Remember the question at the beginning of the article, since there is no "plain text" file, so why does your text editor and browser display the content correctly every time? The answer is that the software deceives you, which is why so many people know nothing about coding. When the software is not sure of the code, it guesses. Most of the time, it guesses whether it's UTF-8, or iso-8859-1, that covers the ASCII code, and it's possible to guess any other character set that can be thought of. Because the Latin alphabet used in English can be displayed in almost all character sets, including UTF-8, so even if the encoding is wrong, the English alphabet looks right.

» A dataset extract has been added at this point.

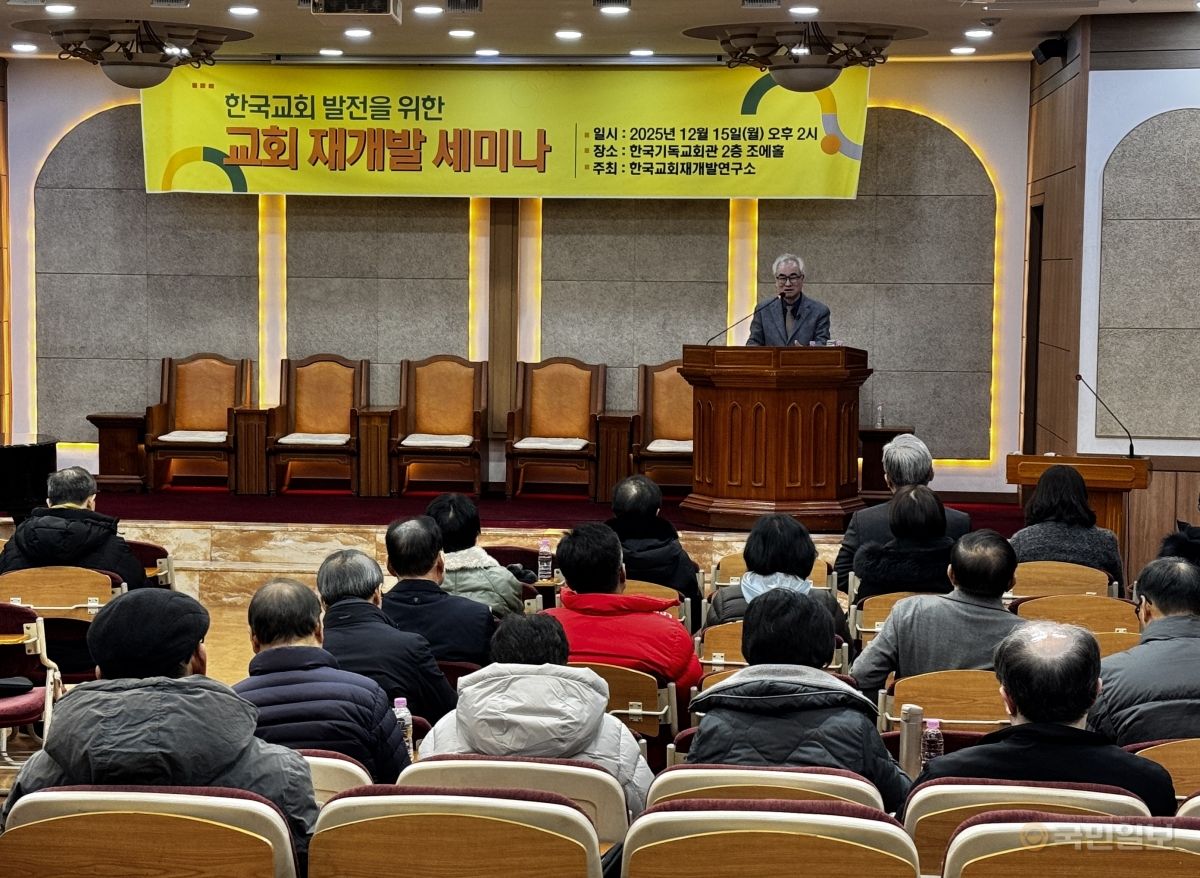 한편 한국교회재개발연구소는 오는 12월 7일 오후 2시 대전성서침례교회에서 대전지역 세미나, 12월 14일 오후 2시 서대구장로교회에서 대구지역 세미나도 개최할 예정이다. 세미나 참석 문의는 전화 010-4342-7009로.

However, if you see the symbols while browsing the web, this means that the code for this page is not the one that your browser guesses. You can then click on the browser's view--> character code menu to try different encodings.
Summarize
If you don't have time to read the whole article or you just skim through the previous content. Then please make sure you understand the following:
There's never a plain text in this world, and if you want to read out a string, you have to know it's encoded.
Unicode is a simple standard used to map characters to numbers. The Unicode association will help you deal with all the behind-the-scenes problems, including specifying the encoding for the new characters.
Unicode does not tell you how characters are encoded into bytes. This is determined by the encoding scheme, specified by UTF.
And the most important:
Always remember to explicitly specify the encoding of your document by Content-type or meta charset tags. This way the browser does not need to guess the code you are using, and they will accurately render the document using the code you specify.